In general, the key pad for such electronic apparatus is comprised of a circuit board, a frame, and a set of key switches respectively mounted in respective holes on the frame. When a key switch is clicked, a respective contact at the circuit board is triggered that causes the circuit board to output a corresponding electrical signal. Because the key switches consist of a number of parts, and are respectively placed in their respective position on the frame, gaps can exist in the common boundaries through which external environmental contaminants (e.g., water) can pass to the inside of the key pad assembly, and adversely affect its functionality.
In addition, in fabrication of such key pad assembly there are costs associated with various mechanical overheads for holding a plurality of key pad components in place. Moreover, a typical assembly of such key pad components into a compartment that houses the electronic unit can require several manufacturing processes. For example, before a housing for the electronic unit is fastened together, the key pad and other components must be assembled to a sub frame, to the housing, or to some other subassembly. Such assembly steps are generally time consuming and expensive in manufacturing.
At the same time, for many electronic units with keypads there are applications wherein associated printed circuit board and electronic components of the key pad can be exposed to high shock conditions and accelerations during deployment.
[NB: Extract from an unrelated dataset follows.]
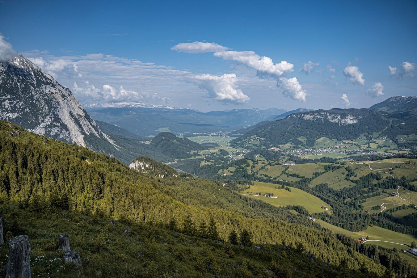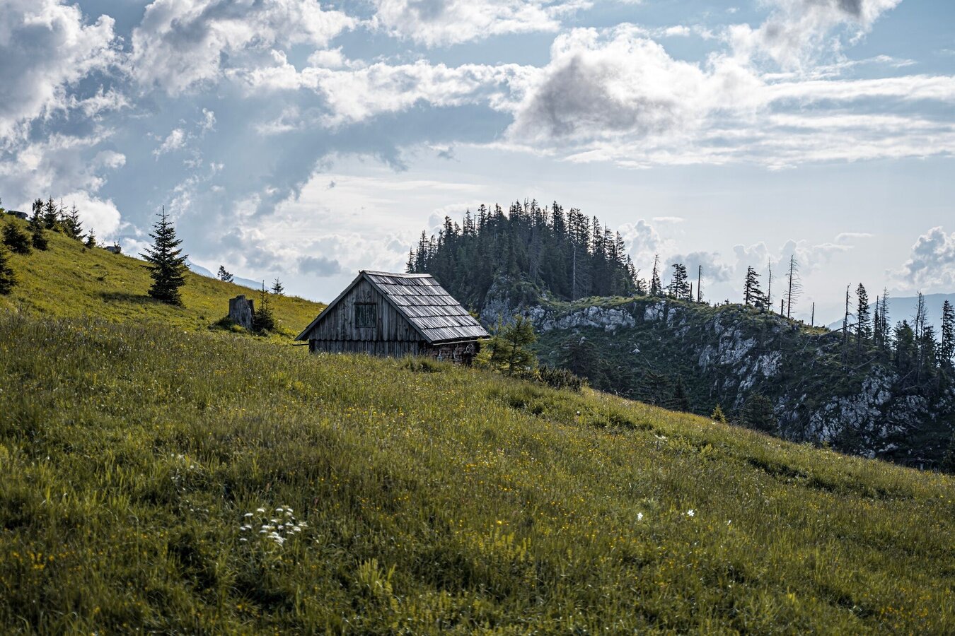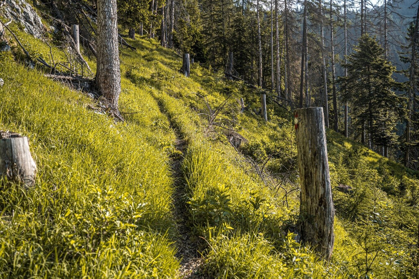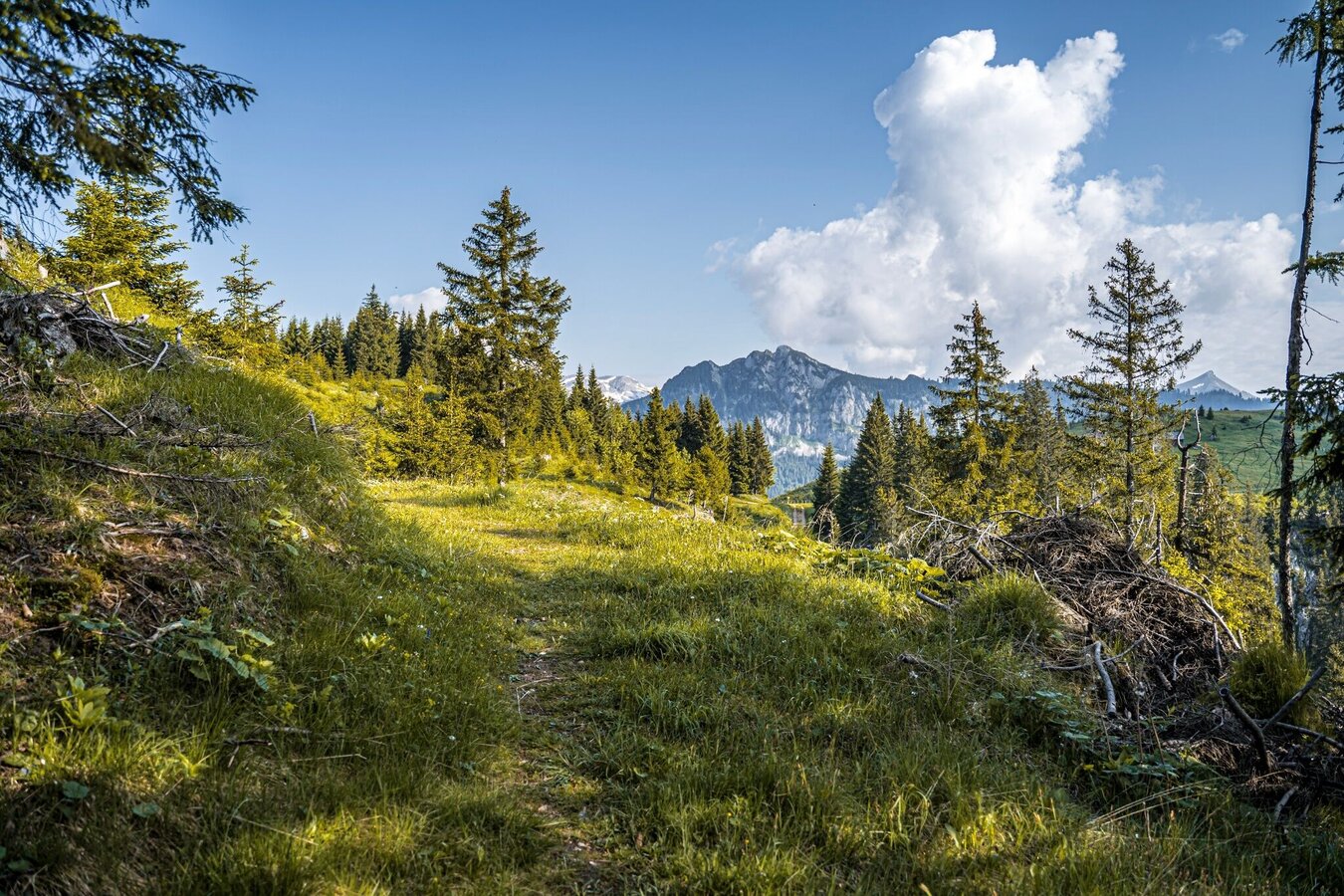 The hike to the Jagerbichl and the Brandangeralm takes you along a variety of paths. From Pürgg you hike along mountain meadows and then into a species-rich mixed spruce forest. Above all, the vegetation on the ground has a lot to offer here with a wide variety of flora. With the Brandangeralm and the Hochalm around the Schröflhütte, two beautiful alpine areas also invite you to linger. From the Brandanger you can also take path #289 for a tour around the Brandangerkogel or a detour to the Leistenstein.

In particular, with an increasing number of electronic circuitry in the form of printed circuit boards, the need has commensurately increased to ensure that associated electronic components of a key pad, as well as the electrical interconnections and the substrate on which the electrical interconnections are printed, are securely mounted on the host unit, while at the same time being easily replaceable should a need arise.
Therefore, there is a need to overcome the aforementioned deficiencies associated with conventional devices.